JATIROGO, PERHUTANI (31/12/2025) | Jelang akhir tahun, Perhutani Kesatuan Pemangkuan Hutan (KPH) Jatirogo memperkuat koordinasi lintas sektoral dengan Pemerintah Desa Jatisari, Kecamatan Bancar, Kabupaten Tuban guna meningkatkan keamanan dan kelestarian hutan di wilayah perbatasan, yang dilaksanakan di rumah Kepala Desa Jatisari, Rabu (31/12).

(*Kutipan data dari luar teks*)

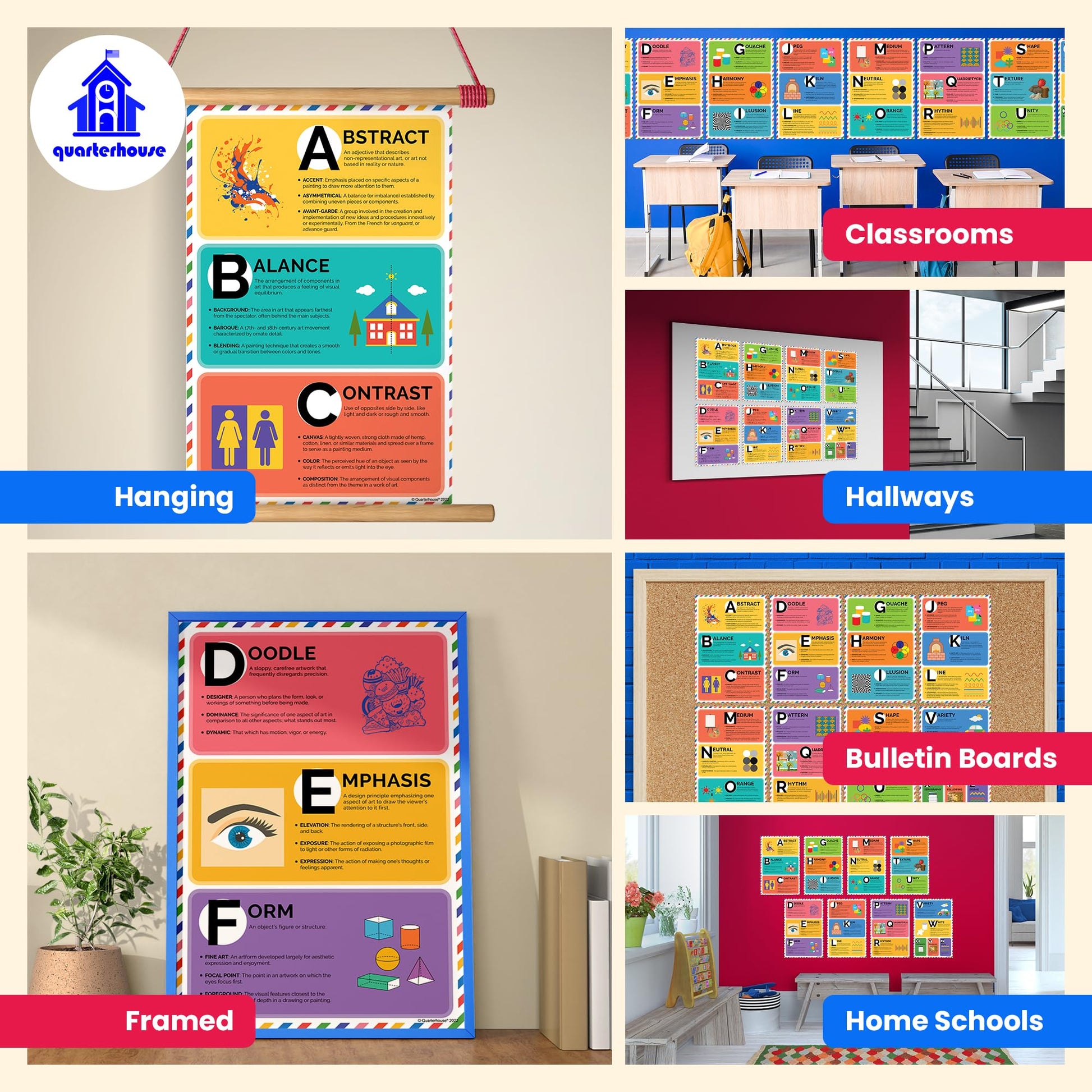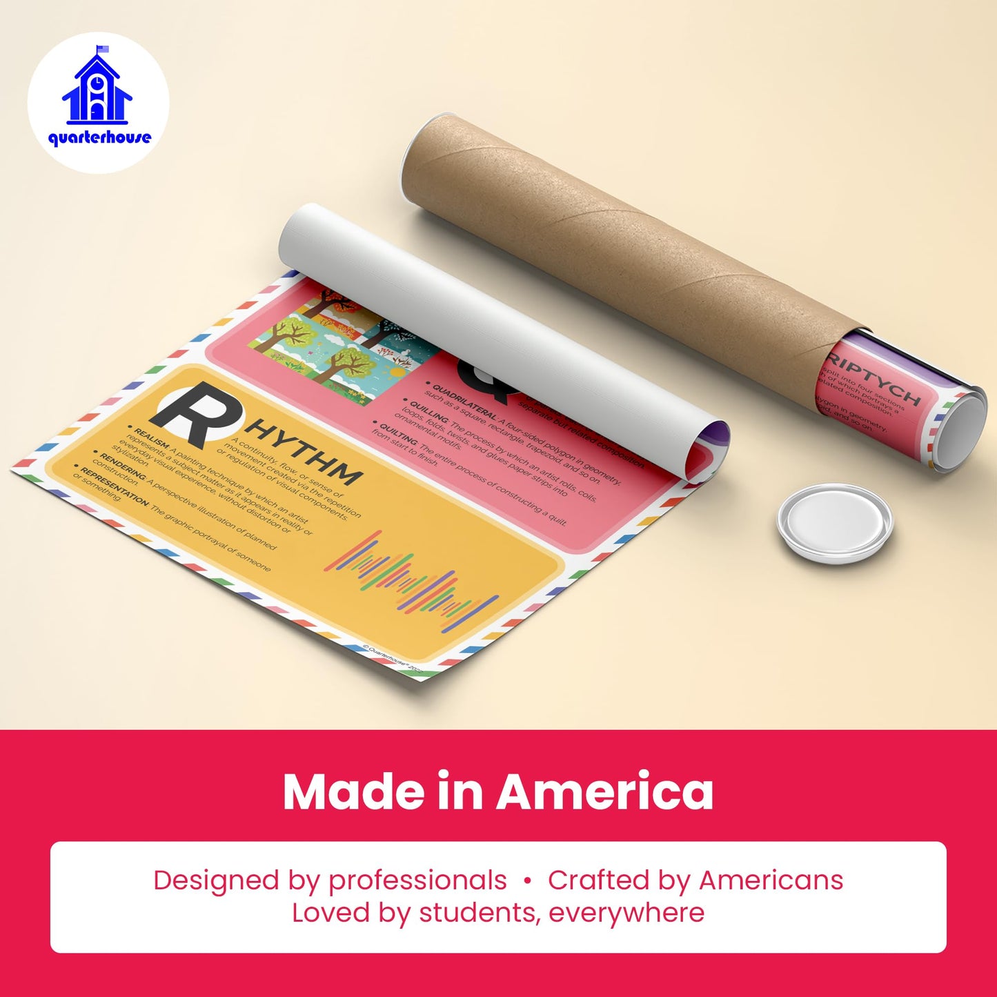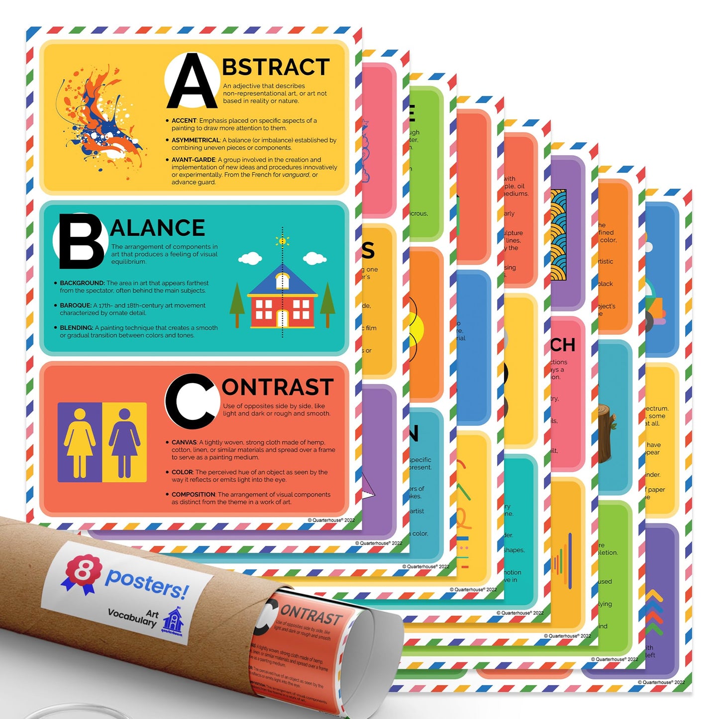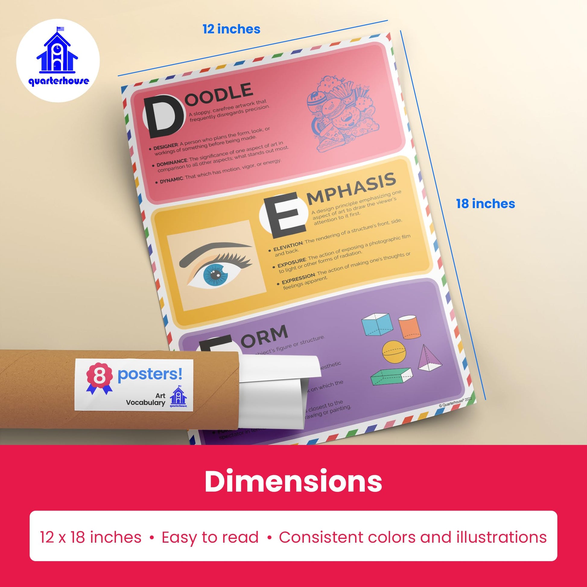 Quarterhouse Art Vocabulary Poster Set, Art Classroom Learning Materials for K-12 Students and Teachers, Set of 8, 12 x 18 Inches, Extra Durable

Wakil Administratur Perhutani KPH Jatirogo, Giman, menyampaikan bahwa sinergi dengan pemerintah desa menjadi kunci untuk mendeteksi dini potensi Gangguan Keamanan Hutan (Gukamhut), seperti pembalakan liar, perambahan, dan kebakaran hutan.
“Keamanan hutan bukan tanggung jawab Perhutani semata, tetapi tanggung jawab bersama seluruh elemen masyarakat dan pemerintah desa. Melalui koordinasi intensif dengan Kepala Desa dan jajaran Pemerintah Desa, kami berharap potensi Gukamhut dapat segera terdeteksi dan ditangani secara cepat serta efektif. Keterlibatan aktif masyarakat desa sangat penting untuk menciptakan hutan yang aman dan lestari,” ujar Giman.
Kepala Desa Jatisari, Joko Pitono, menyambut baik inisiatif ini dan menegaskan komitmen Pemdes mendukung pengamanan hutan. “Kami siap bersinergi dan berkoordinasi optimal dengan Perhutani. Perangkat desa dan Lembaga Masyarakat Desa Hutan (LMDH) akan lebih proaktif memantau wilayah hutan dan melaporkan setiap aktivitas mencurigakan. Hutan yang aman dan lestari juga berdampak positif bagi kesejahteraan masyarakat, terutama dalam pengelolaan sumber daya hutan secara berkelanjutan,” tegasnya.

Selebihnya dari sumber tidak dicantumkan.